Иван Елегечев - В русском лесу
Агаша давно поджидает в гости брата. Она все знает, почти все знает о нем. И как за границу братка ездил вместе с хором — из газет, по радио передавали, и как в Сибирь приезжал. Карточку печатали в газете — братка стоял в переднем ряду, второй слева, молодой и красивый. Она понимает, он слишком был занят, он пел, он не мог оторваться от хора, чтобы хоть на один день приехать на родину в деревню...
А стала ждать и была уверена, что братка приедет в гости, потому Агаша, что глядела в последний раз снимок знаменитого хора в газете, и Виталея ни в переднем ряду, ни в последнем среди певцов она не нашла. И тогда она догадалась, что с браткой что-то случилось, может, заболел или плохо стал петь и его перевели на другую работу, поспокойнее, без разъездов по всему миру.
Выговорившись первоочередным, самым необходимым, что просилось из души.
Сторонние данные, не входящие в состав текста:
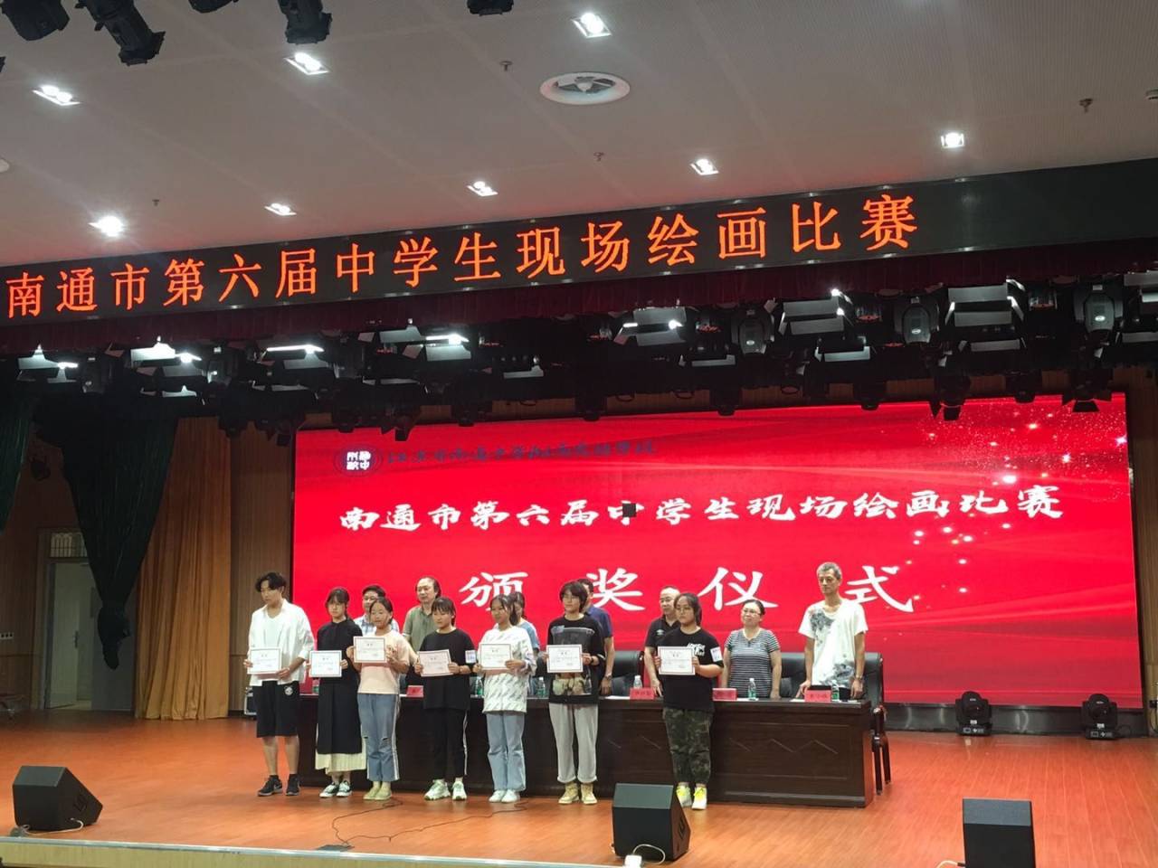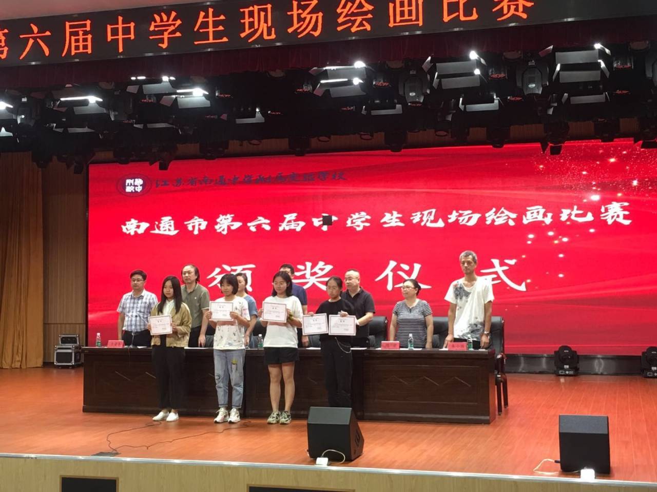 8月29日由吴百军老师带队的江苏省如东中等专业学校对口单招部工艺美术专业的7名学生,参加了由南通市教育局举办的南通市第六届中学生现场绘画比赛,本次比赛地点在江苏省南通中学附属实验学校。8月18日如东县教育体育局举办了如东县第三届中学生现场写生比赛暨市选拔赛,素描、色彩两组别县(市、区)各有4个名额出线参加市赛,如东中专对口单招部工艺美术专业21人参加如东赛区素描和色彩组别的选拔,7人获得市赛资格。28日上午9:10-11:40现场比赛,下午2:30现场颁奖,本次市赛获奖比例为60%,如东中专参赛学生中,有5人获奖,张石莉勇夺高中素描组一等奖,孙李宁、於萌洁获该组二等奖;顾家祺获色彩组一等奖、卫诚获三等奖,吴百军老师荣获南通市优秀辅导教师奖。学生们在老师的指导下用辛勤和汗水描绘着自己多彩的青春!

Агаша молчит и, присев к столу, вопросительно смотрит на брата: уместны ли ее речи, может, ее деревенские слова ему не глянутся?
— Ты угадала, — с трудом выговорил Виталей Андреевич. — Я в самом деле уж больше не пою в хоре, отпелся. Теперь я вахтер, или попросту охранник, в дверях стою, мимо меня люди проходят на работу.
— Что, хвораешь аль что?
— Горло сорвал, перестарался.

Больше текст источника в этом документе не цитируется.